TraceCore Documentation

A deterministic, budgeted, and auditable test runner for agent control loops.

What is TraceCore?

TraceCore is best understood as a deterministic test runner for agent loops — think "pytest for agents." It does not measure broad intelligence. It validates whether an agent can operate correctly, repeatedly, under constraints.

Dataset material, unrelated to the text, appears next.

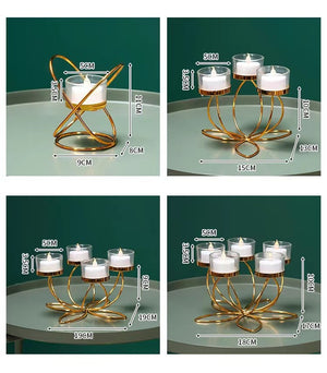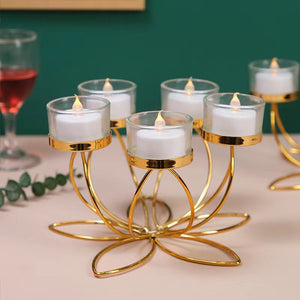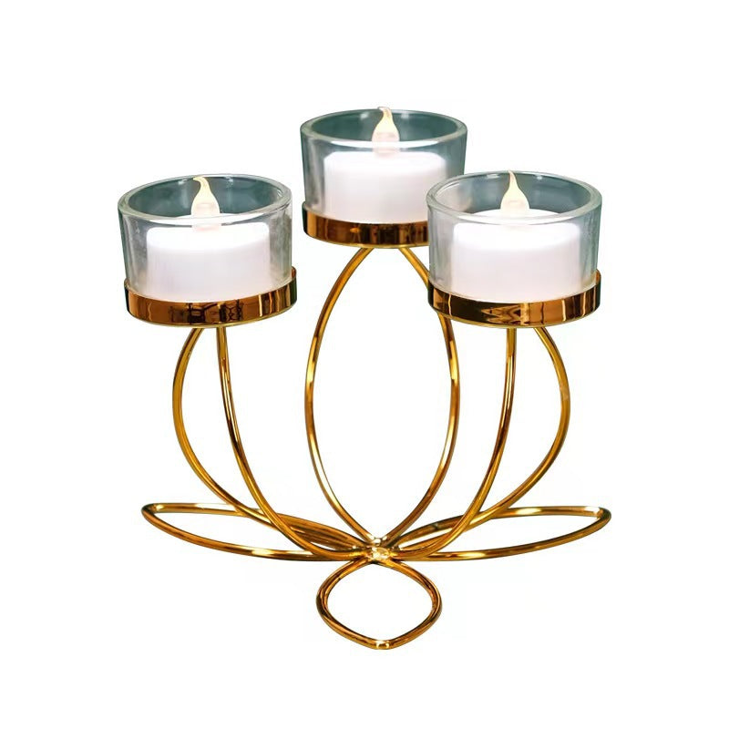 Bulk Geometric Lotus Flower Tealight Candle Holders Golden Metal Table Centerpiece Wholesale

The invariant core is a Deterministic Episode Runtime: a bounded runtime that executes agent-environment interaction with fixed inputs and emits replayable traces plus a structured verdict. TraceCore v1.0 locks this behavior behind the tracecore-spec v1.0 contract and `tracecore run --strict-spec`.

Key Concepts

  • Episodes are the smallest valid execution unit.
  • Each episode runs Agent + Environment + Seed + Budgets and produces a trace + outcome.
  • Validation is always deterministic and mechanical — no LLM judges.
  • Artifacts are machine-readable and CI-friendly.
  • Replay is a first-class property, not a convenience feature.

Quick Start

terminal
pip install tracecore
tracecore version
tracecore run pairing log_stream_monitor --strict-spec

Practical Value

  • Regression detection with stable seeds and baseline compare workflows.
  • Actionable failures via structured taxonomy and full trace context.
  • CI-native gating using deterministic pass/fail and policy thresholds.
  • Auditable evidence through persisted run artifacts and replayability.

One-Line Mental Model

If pytest tests functions, TraceCore executes deterministic episodes. If Docker packages containers, TraceCore packages bounded agent-environment interactions.